The YAML Output Plugin provides similar functionality to the builtin ‘–json’ output_handler, but outputs yaml. The following features are included:
* --yaml option causes output to be rendered strictly as yaml
The yaml plugin is Open Source and distributed under The MIT License. Please see the LICENSE file included with The Rosendale Project.
Stable versions of the rosendale.yaml plugin are available via PyPi and can be installed by easy_install, pip, or similar:
$ easy_install rosendale.yaml
You will want to add ‘rosendale.yaml’ to your applications ‘setup.py’ under the section ‘install_requires’.
The yaml_output plugin can be enabled in any application built on Cement, however due to its tight integration with Cement internals it can not be loaded dynamically. It MUST be included during your applications root bootstrap process by adding the following to <youapp>/bootstrap/root.py:
from rosendale.bootstrap import yaml_output
This plugin does not honor any other config settings and does not require a plugin config file.
To demonstrate usage we have created a fresh ‘helloworld’ application via the paster cement-app helper. We’ve then enabled the rosendale yaml plugin by adding a permanent import to helloworld/bootstrap/root.py as listed above. We now have:
$ helloworld --help
Usage: helloworld <COMMAND> [ARGS] --(OPTIONS)
Commands:
get-started, cmd1
Help? try '[COMMAND]-help' OR '[NAMESPACE] --help'
Options:
--version show program's version number and exit
-h, --help show this help message and exit
-R, --root-option Example root option
--json render output as json (CLI-API)
--debug toggle debug output
--quiet disable console logging
--yaml render output as yaml
You can see the additional option ‘–yaml’.
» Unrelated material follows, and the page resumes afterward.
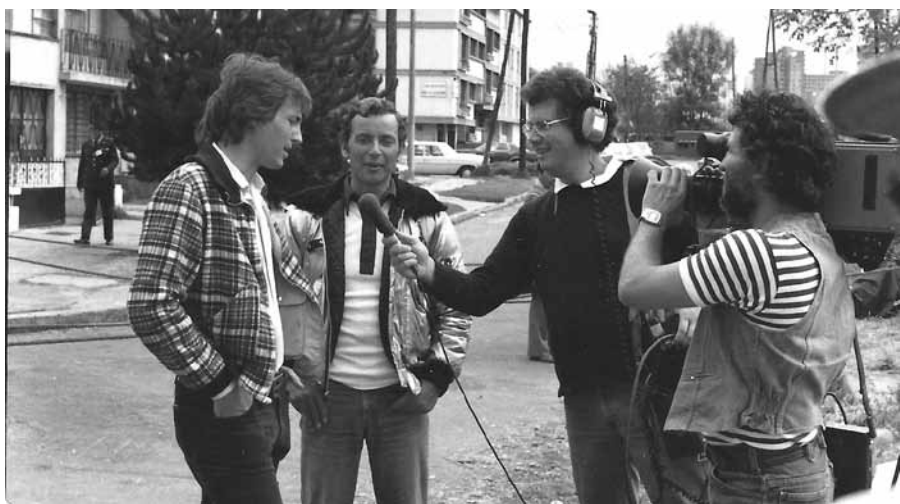
Колумбия, 1980. У меня берёт интервью американская телевизионная сеть, по поводу захвата красными партизанами посольства Доминиканской Республики в городе Богота.

The ‘–yaml’ flag simply overrides your applications ‘output_handler_override’ config option on execution. Therefore, all commands function normally but the output is rendered as YAML. The following is the example command we are going to run:
class RootController(CementController):
@expose('helloworld.templates.root.cmd1')
def cmd1(self):
foo = 'In helloworld.controllers.root.cmd1()'
if self.cli_opts.enable_yaml:
print 'The --yaml option was passed'
items = ['one', 'two', 'three']
return dict(foo=foo, items=items)
And this is the output:
$ helloworld cmd1
In helloworld.controllers.root.cmd1()
* one
* two
* three
$ helloworld cmd1 --yaml
foo: In helloworld.controllers.root.cmd1()
items: [one, two, three]
stderr: ''
stdout: 'The --yaml option was passed
Note that, just as the ‘–json’ option, all STDOUT output is captured and passed via YAML as well. Meaning, the output from the command is pure YAML and not corrupted by spurious output.